You must be concealed when you go on stand. You’ll probably find plenty of natural blinds-logs, boulders, blowdowns, clumps of brush, etc. but it’s not a bad idea to pack along a roll of camouflage netting to improve such blinds. Sometimes, too, you can enhance a natural blind with fallen branches, brush, and twigs.
Camouflage apparel is also a great help. Most hunters wear a camouflage-pattern jacket, pants, and hat. Some wear a camouflage face-net or mask, or blacken their faces and hands with burnt cork, or apply camouflage grease paint, which is available at many archery-equipment outlets and some general sporting-goods stores. A few hunters go further, wearing camouflage gloves and even camouflage-pattern shoes or boots.
The basic types of store-bought calls are boxes with hinged handles, boxes with separate strikers, tubes, slates, box or wingbone suction calls, aluminum-groove calls and diaphragm yelpers. Some are more popular (or traditional) than others in various regions. The diaphragm type takes some practice to make it sound right, but it has the advantage of leaving both your hands free, and it can be quite realistic. It’s a vibration device, worked between your tongue and the roof of your mouth.
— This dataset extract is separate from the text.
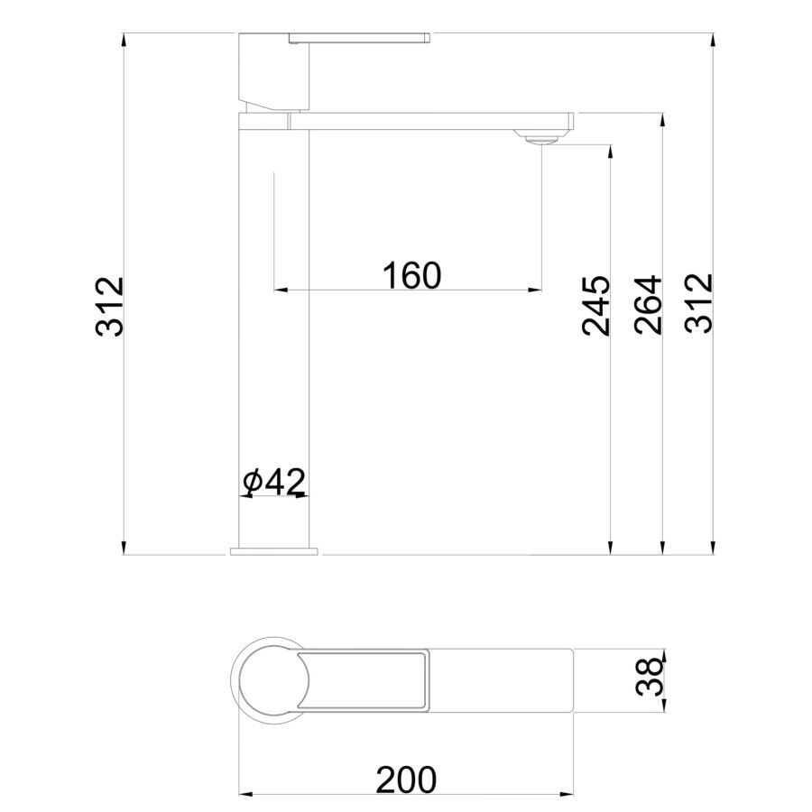 Evo magasított mosdó csaptelep matt fekete, beépíthető

In the spring hunting season, sexually receptive hens call to any available males by uttering rather plaintive yelps, which sound something like keowk, keowk. This is the most basic and frequently effective call. It isn’t the only sound you need. When flying from a roost, turkeys sometimes yelp more softly, and they often cluck and trill while feeding. An imitation of these calls isn’t important (though it might attract a gobbler’s attention) but once in a while such sounds may help you locate birds. More important is the gobbling and yodeling of the males-sounds used to warn other males away and respond to calling females. The basic gobbling sound might be described as a high, throaty gl-obble-obble-obble, sometimes preceded by or combined with a more yodel- grrrrddle sound.
Calling is usually best when there’s little or no breeze. When rustling wind can cover the sound of approaching predators, turkeys remain still and hidden. On calm days they’re active, and their gobbling can sometimes be heard at a distance of more than half a mile.